For an attention inference kernel, Fu reported 1.3x to 1.7x speedups. In the whole-model case, the team placed an entire Llama-1B layer into one kernel. The execution trace showed operations overlapped in non-obvious ways. For example, during attention, the system can start loading KV cache before QKV plus RoPE has finished. Once QKV completes and the query is available, attention can proceed. Similarly, the output projection can begin loading weights before attention is fully over.

That kind of control required a CUDA framework built around an instruction-based abstraction, where each “sub-kernel” can be implemented separately, plus virtualized shared memory to coordinate overlapping I/O. Fu also described ThunderKittens, a kernel-writing library developed for these patterns. He compared it to Triton but lower-level, with finer-grained control.

The payoff shown was near “speed-of-light” decode. On a Llama-1B BF16 batch-size-one decoding slide, the comparison was against vLLM and SGLang on H100 and B200 GPUs, with the megakernel shown as the faster implementation. A later summary slide used different comparison labels — vLLM, DeepSpeed, and Megakernel — on A100 and H100. Fu’s specific utilization claim was that the H100 implementation achieved 72% bandwidth utilization, which he described as close to the physical speed limit for that operation on the GPU.

72%
reported H100 bandwidth utilization for the megakernel Llama-1B decode benchmark

The trade-off is labor. In response to a question, Fu said the cost of megakernels is “people’s blood, sweat, and tears.” A strong kernel engineer might spend a year writing megakernels for one hardware target, two or three models, and batch sizes 1 through 16. Batch size 17 may require starting over. Together, he said, is working on compilers to automate some of the process, but megakernels remain difficult. If they are done well, they are extremely fast; the engineering burden is the price.

Another question asked how megakernels interact with multi-GPU communication. Fu said there is early work showing NCCL calls can be fused into a megakernel if configured correctly, though his team has not yet found a “killer use case.” DeepSeek-V2, he noted, included a megakernel for the mixture-of-experts inference layer that fused some communication. His expectation is that future systems may use megakernels for parts of computation rather than necessarily for entire models, unless teams are willing to pay the full engineering cost.

Parcae makes parameter reuse a model-design lever

Parcae’s model-design implication is that parameter count need not be the only way to buy more computation. Fu described Parcae as work from his UCSD lab, led by Hayden Prairie in collaboration with Zachary Novak and Taylor Berg-Kirkpatrick. The project asks whether models can reuse parameters through recurrence: instead of making the network deeper by adding distinct layers, run some transformer blocks repeatedly.

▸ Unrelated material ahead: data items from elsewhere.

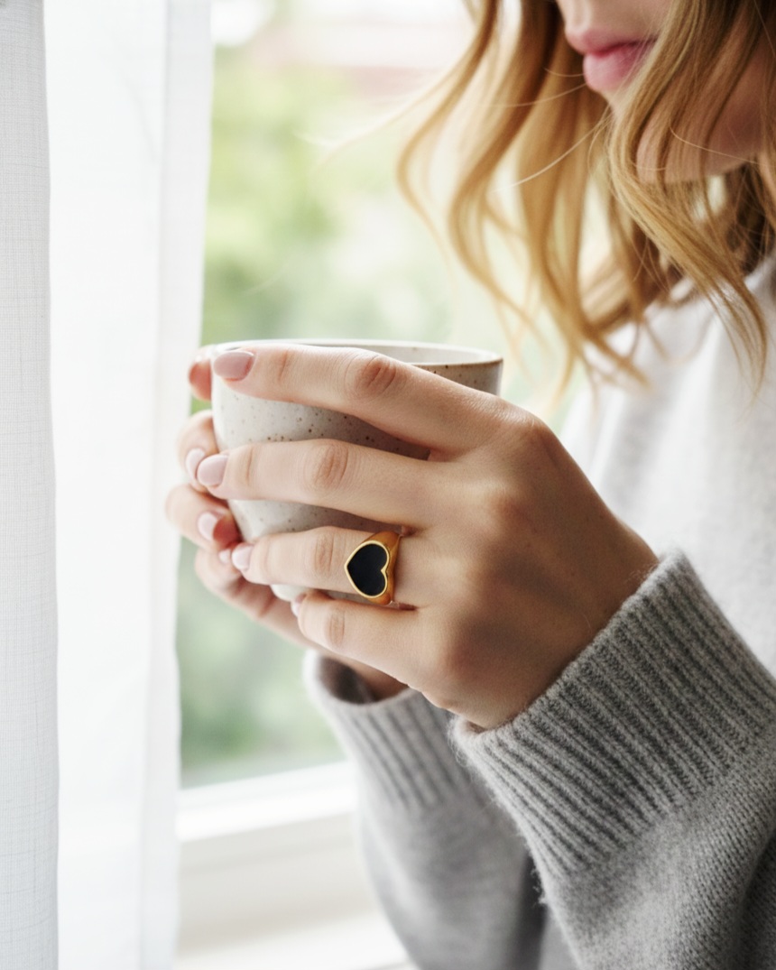 O Anel Coração Preto em Aço Inoxidável é a união perfeita entre estilo moderno e um toque romântico. O destaque fica por conta do coração com acabamento preto esmaltado, criando contraste sofisticado com o brilho metálico do aço. Uma peça marcante, ideal para quem gosta de acessórios com personalidade.
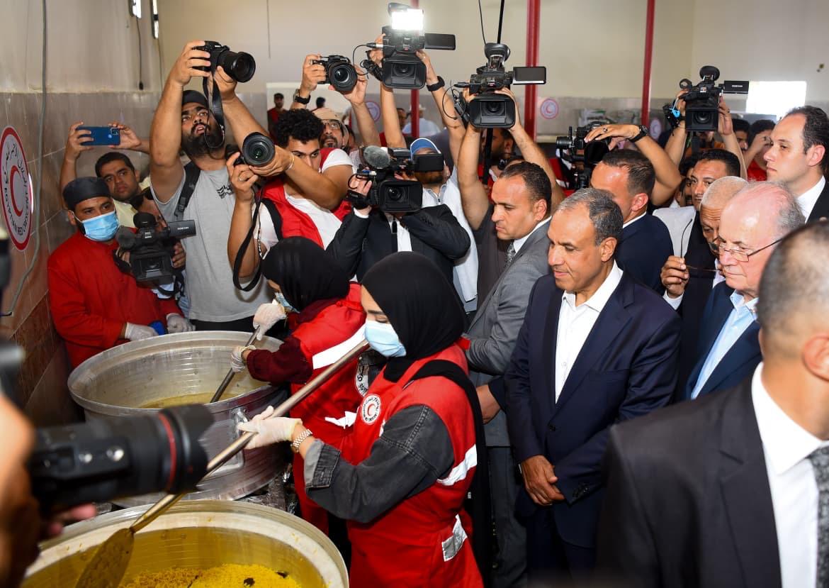 تفقد الدكتور بدر عبد العاطى وزير الخارجية و الدكتور محمد مصطفى، رئيس الوزراء الفلسطيني، مركز الإمداد الغذائي "المطبخ الإنساني" التابع لجمعية الهلال الأحمر المصري بالشيخ زويد، وذلك خلال زيارتهما لمدينة العريش ومعبر رفح يوم ١٨ أغسطس ٢٠٢٥، وبحضور د. مايا مرسي وزيرة التضامن الاجتماعي.
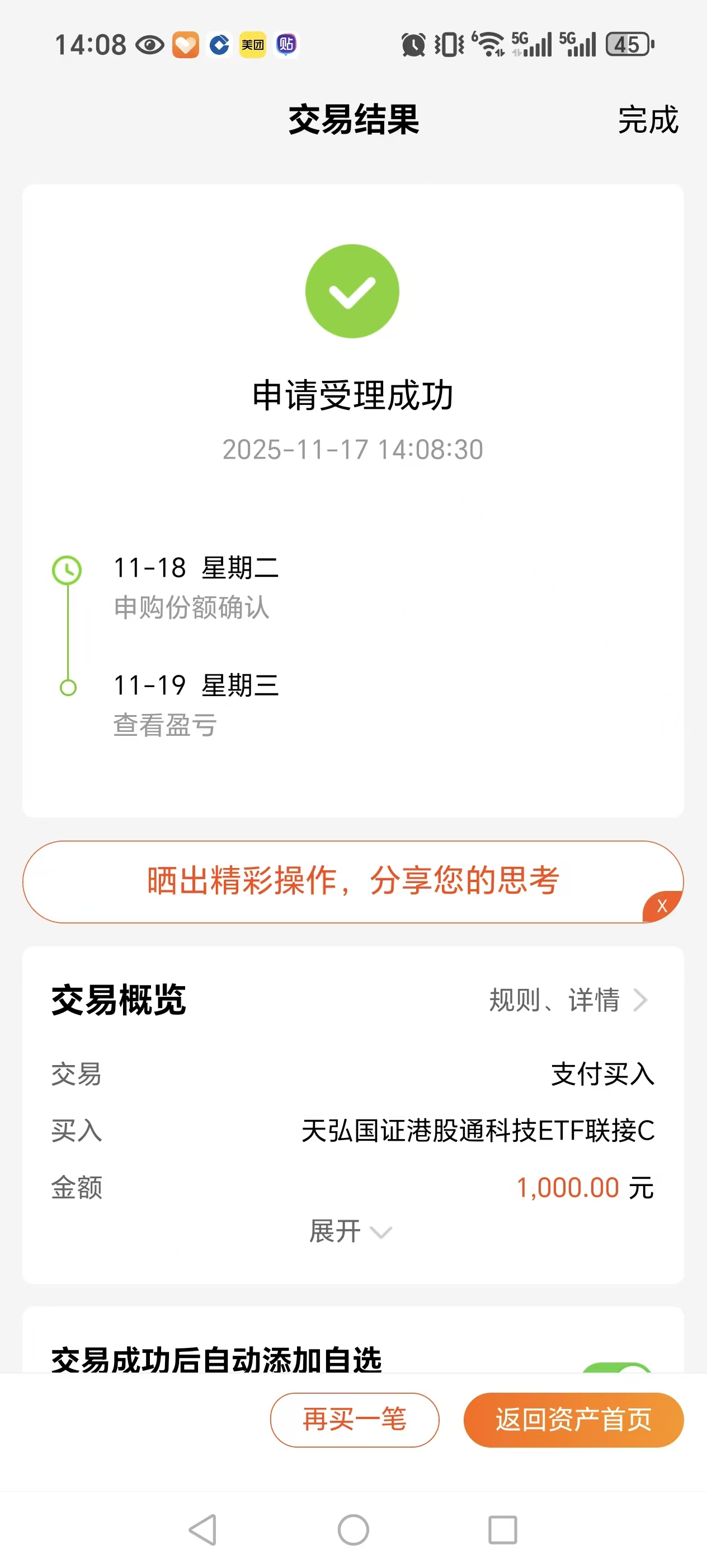 买入$天弘国证港股通科技ETF联接C$ 1000元

In a looped transformer, activations enter a recurrent block, pass through it, and then pass back through the same block multiple times. This increases FLOPs while keeping parameter count constant. If additional compute improves quality, looping gives the model designer a dial for spending compute without increasing the memory footprint of weights.

Fu gave two reasons to care about that dial. First, looped models may offer better quality per parameter — “intelligence per parameter,” as he put it. Second, prior work suggested higher expressivity: some functions can be represented more effectively with recurrence than with a non-recurrent model of the same parameter count.

The incentive is especially clear from the inference side. Fewer parameters can mean more room for KV cache, less communication across GPUs, and more flexibility in fitting models onto particular serving hardware. The architecture question is therefore not only whether recurrence improves benchmark quality; it is whether recurrence can move a model to a different serving regime.

Early signs made the idea worth investigating. Fu cited work from Tom Goldstein’s group at Maryland on scaling test-time compute with latent reasoning through recurrent depth, including ARC task results. He also mentioned social-media speculation that Claude Mythos was a looped language model, which he said he did not believe. According to Fu, the person who made the claim later wrote that he had made it up. Fu’s group had already been working on recurrence before that speculation, but the episode reflected wider interest in looped models.

The obstacle was instability. When Fu’s group tried training looped models and changed hyperparameters even slightly, models often failed to converge. Learning-rate sweeps produced NaNs and large loss spikes. Prior work used fixes such as inserting norms in every layer or choosing a particular learning rate and avoiding others. Fu treated the loss spikes as evidence that something deeper in the recurrence dynamics was wrong.

Parcae stabilizes looping by constraining the recurrence dynamics

Parcae’s technical move is to make the loop stable by construction. Fu’s group approached the problem through a state-space-model-like analysis rather than treating the recurrent transformer block as an opaque stack of attention, nonlinearities, softmax, GeLU, RoPE, and parameters.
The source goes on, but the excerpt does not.